Date of Award


Degree Type


Degree Name

Doctor of Philosophy



Major Professor

R. Steve McCallum

Committee Members

Sherry Mee Bell, Sherry K. Bain, John W. Lounsbury


The Test of Dyslexia-Rapid Assessment Profile (TOD-RAP), designed as a group-administered instrument for the purpose of identifying persons at-risk for reading difficulties, was administered to 357 primary/secondary and collegiate summer school students in a southeastern state, along with the Reading Fluency subtest of the Woodcock-Johnson III Tests of Achievement (WJ-III), the Spelling and Reading portions of the Wide Range Achievement Test 3 (WRAT-3), and Test of Silent Word Reading Fluency (TOSWRF). Internal consistency coefficients of TOD-RAP subtests ranged from .79 to .96 and test-retest coefficients ranged from .70 to .94, indicating adequate reliability.
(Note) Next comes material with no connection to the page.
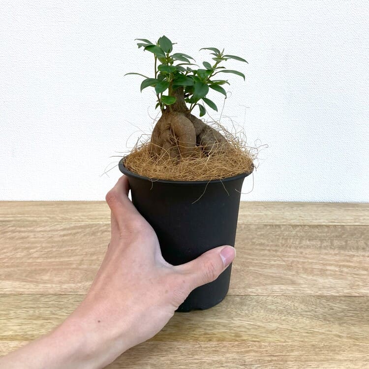 こちらのガジュマルは12cmポット4号の苗です。身近に置くのにちょうど良いサイズで、植え込みに対応する植木鉢は4~5号くらいが目安です。

Multivariate analyses of variance (MANOVA) yielded significant differences between non at-risk and at-risk students at the primary/secondary and collegiate level (F = 2.45, p < .05; F = 8.44, p < .001, respectively). Based on post hoc pairwise comparisons, non at-risk primary/secondary students, as compared to primary/secondary at-risk students, performed significantly better on three of the six TOD-RAP subtests. The non at-risk college group, as compared to at-risk college students, earned significantly higher scores on four of the five TOD-RAP subtests. These results suggest that TOD-RAP subtests may provide a valid means for identifying students at-risk for reading difficulties. Based on multiple regression analyses for the primary/secondary age group, TOD-RAP subtests significantly predicted all four operationalizations of reading achievement (WJ-III Reading Fluency, WRAT-3 Reading, WRAT-3 Spelling, and TOSWRF scores). Of the three TOD-RAP subtests, Spelling appeared as the most consistent predictor, accounting for unique variance for all four operationalizations of the criterion measure. Four of the five TOD-RAP subtests significantly predicted WJ-III Reading Fluency scores at the college level. These analyses provide evidence for the predictive utility of the TOD-RAP at both the collegiate and primary/secondary level. Although promising, further research must be conducted before this instrument can be used to identify students at-risk for reading difficulties.